* _Assigned task_:
Only one stretch of the material below is wanted: everything from the line containing "Отдохните и расслабьтесь" down to the line containing "各种AI模型在不同评估指标下", both ends included. Repeat it exactly and skip the pictures.

* _Materials provided_:
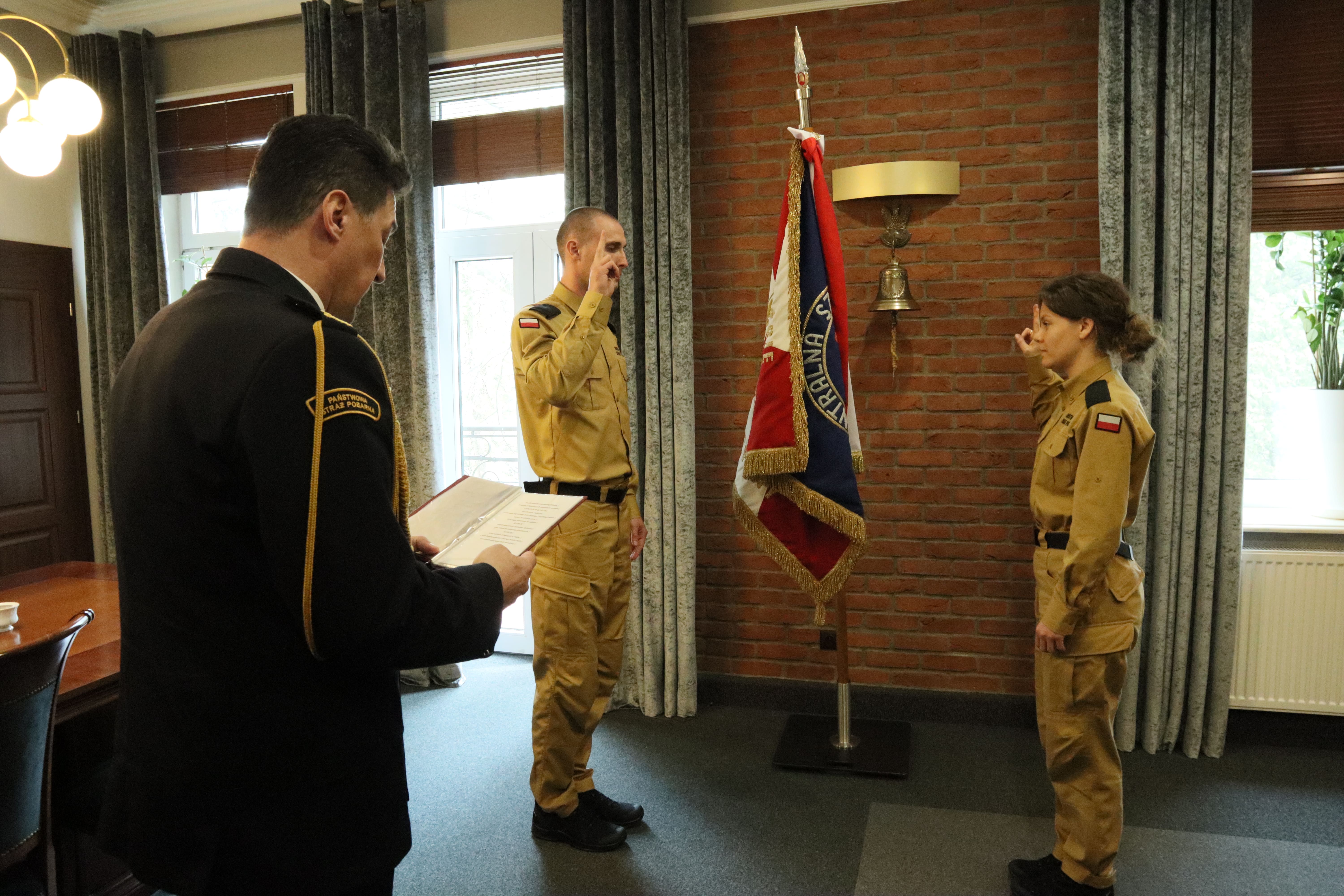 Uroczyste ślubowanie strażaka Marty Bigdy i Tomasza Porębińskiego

* * *

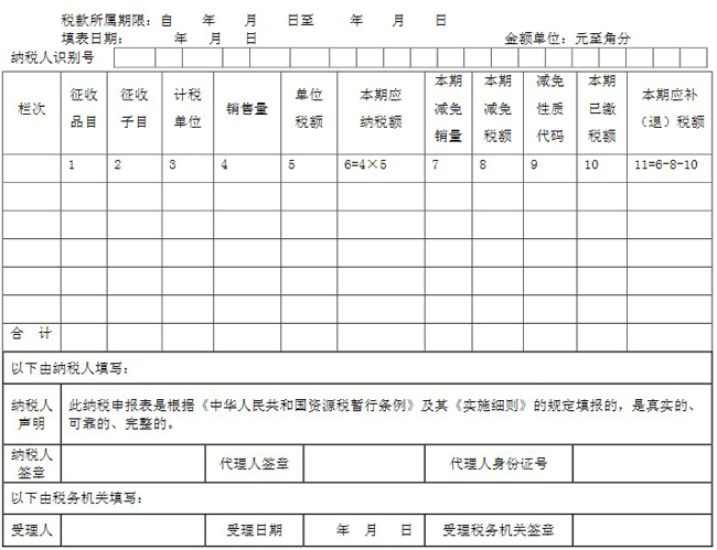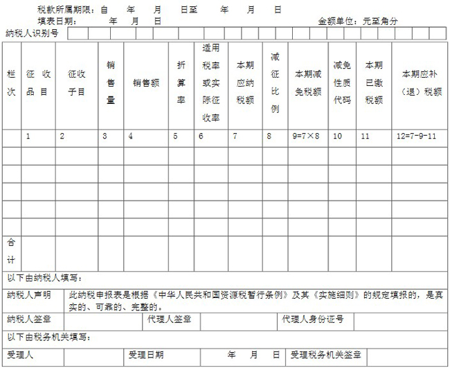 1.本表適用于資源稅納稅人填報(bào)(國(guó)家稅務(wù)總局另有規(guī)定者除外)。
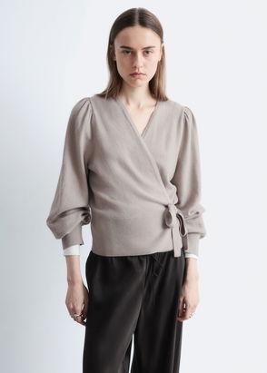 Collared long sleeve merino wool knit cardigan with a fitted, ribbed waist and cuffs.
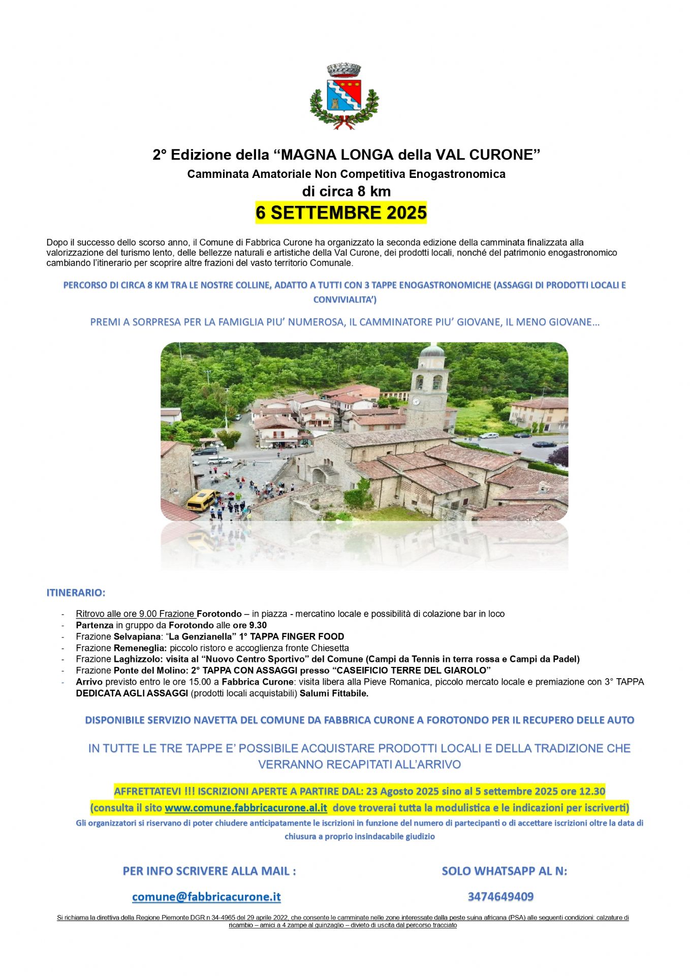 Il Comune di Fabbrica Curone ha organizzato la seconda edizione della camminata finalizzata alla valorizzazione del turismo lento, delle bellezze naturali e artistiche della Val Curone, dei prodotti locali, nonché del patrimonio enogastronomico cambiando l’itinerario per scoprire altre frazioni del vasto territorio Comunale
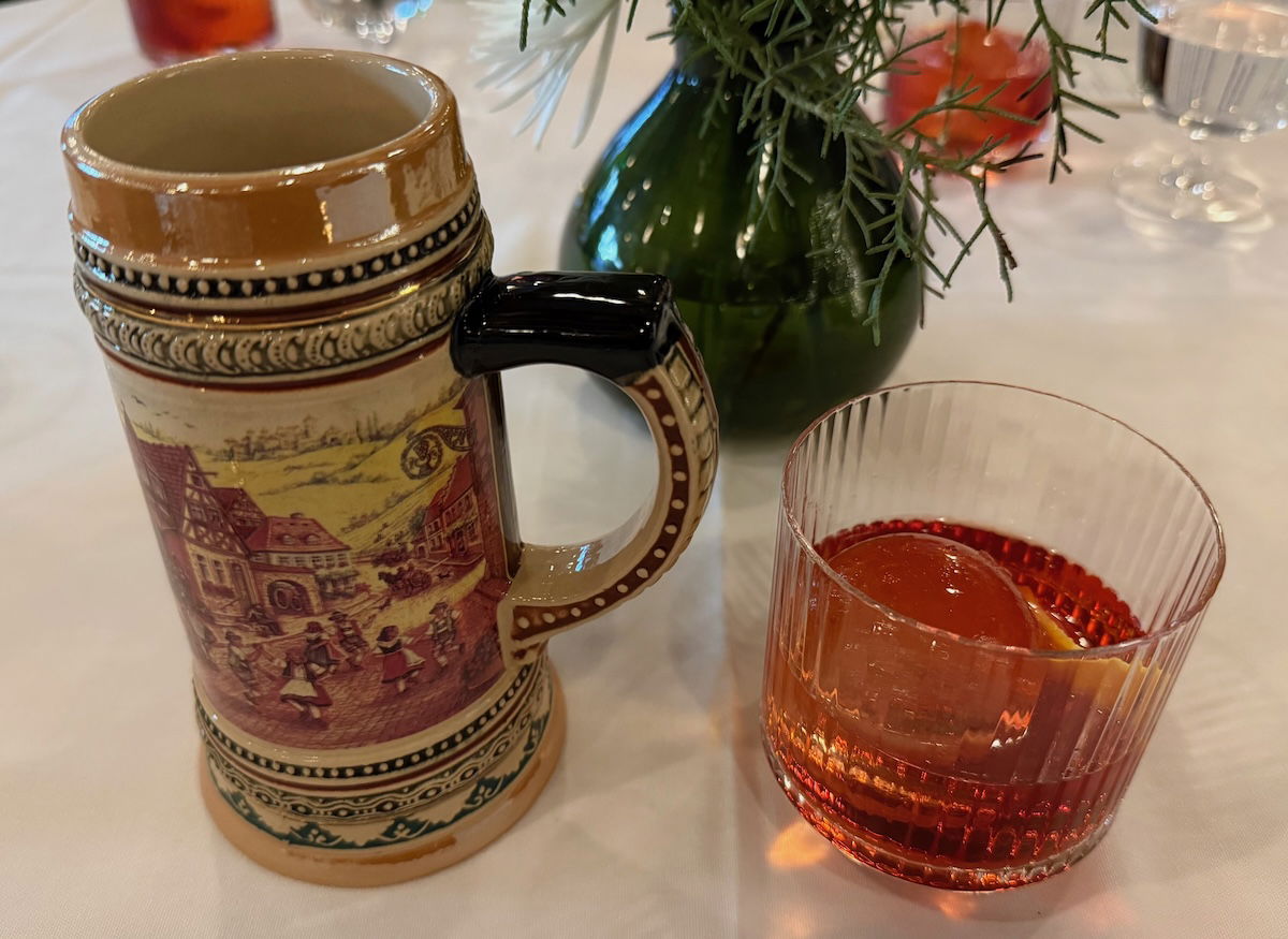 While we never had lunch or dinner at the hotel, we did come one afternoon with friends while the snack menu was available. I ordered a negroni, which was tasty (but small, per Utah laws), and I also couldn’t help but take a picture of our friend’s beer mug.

---

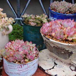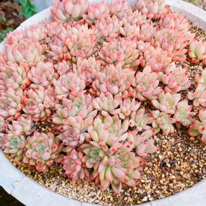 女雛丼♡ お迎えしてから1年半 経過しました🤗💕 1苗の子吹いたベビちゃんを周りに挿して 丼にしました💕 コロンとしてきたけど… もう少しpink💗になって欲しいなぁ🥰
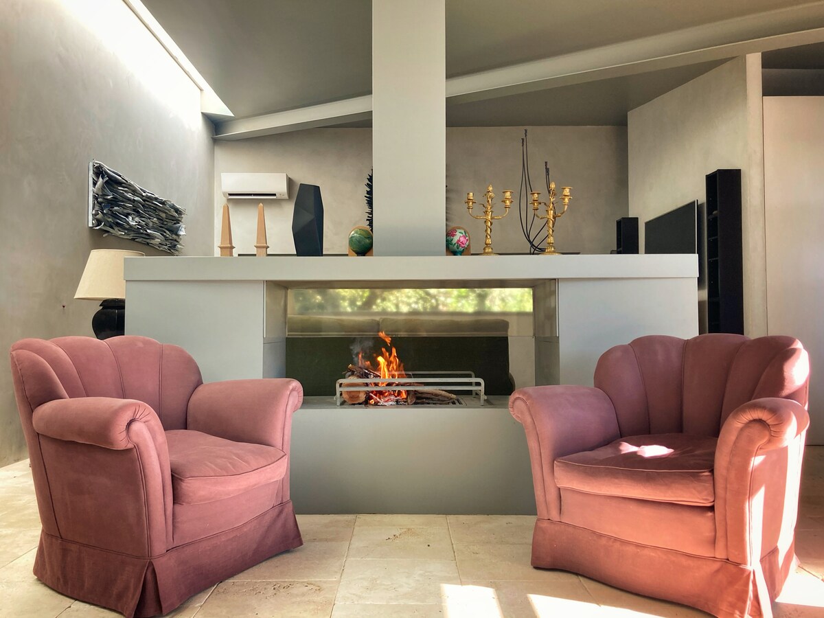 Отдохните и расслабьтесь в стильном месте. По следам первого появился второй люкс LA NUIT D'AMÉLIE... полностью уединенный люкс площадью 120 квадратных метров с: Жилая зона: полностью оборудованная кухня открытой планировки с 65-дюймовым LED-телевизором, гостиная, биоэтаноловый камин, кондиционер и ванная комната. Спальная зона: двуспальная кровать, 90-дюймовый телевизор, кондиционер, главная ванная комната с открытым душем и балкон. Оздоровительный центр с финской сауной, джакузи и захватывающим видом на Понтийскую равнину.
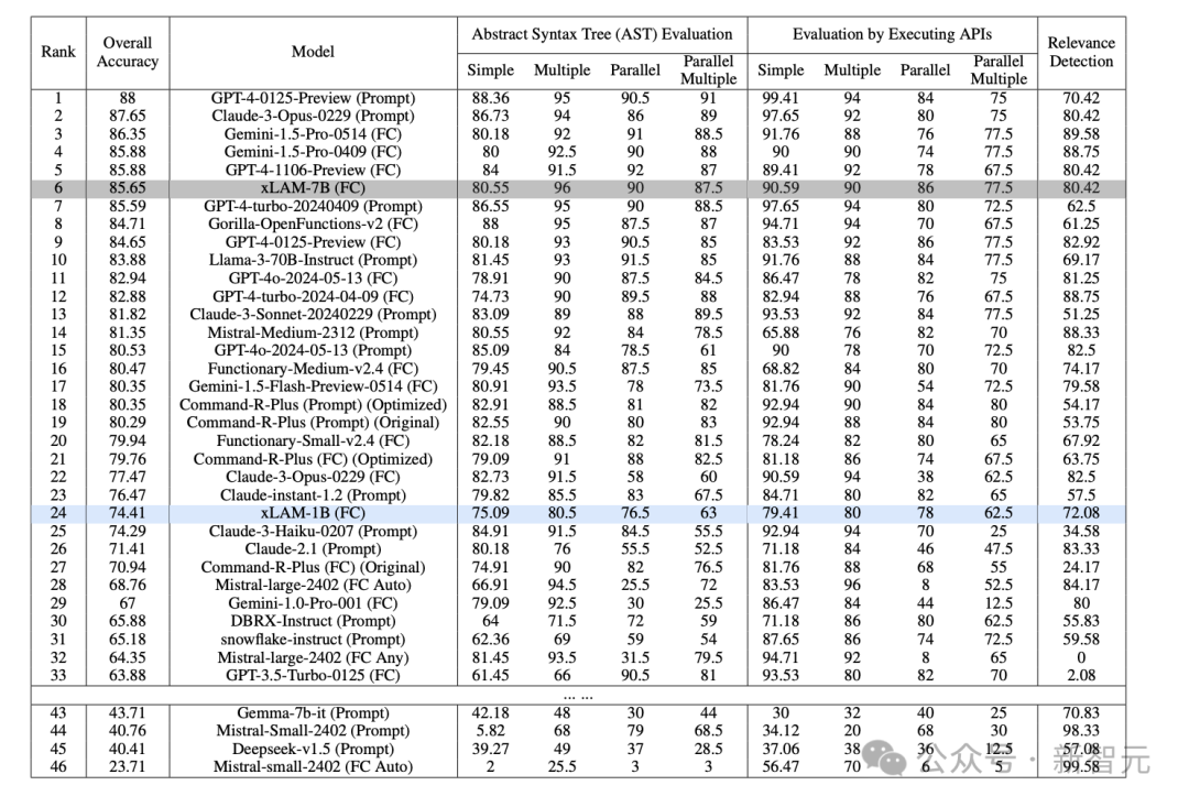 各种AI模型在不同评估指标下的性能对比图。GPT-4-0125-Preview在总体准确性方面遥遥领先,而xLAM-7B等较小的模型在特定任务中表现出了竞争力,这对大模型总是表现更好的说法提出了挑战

* _Response_:
 Отдохните и расслабьтесь в стильном месте. По следам первого появился второй люкс LA NUIT D'AMÉLIE... полностью уединенный люкс площадью 120 квадратных метров с: Жилая зона: полностью оборудованная кухня открытой планировки с 65-дюймовым LED-телевизором, гостиная, биоэтаноловый камин, кондиционер и ванная комната. Спальная зона: двуспальная кровать, 90-дюймовый телевизор, кондиционер, главная ванная комната с открытым душем и балкон. Оздоровительный центр с финской сауной, джакузи и захватывающим видом на Понтийскую равнину.
 各种AI模型在不同评估指标下的性能对比图。GPT-4-0125-Preview在总体准确性方面遥遥领先,而xLAM-7B等较小的模型在特定任务中表现出了竞争力,这对大模型总是表现更好的说法提出了挑战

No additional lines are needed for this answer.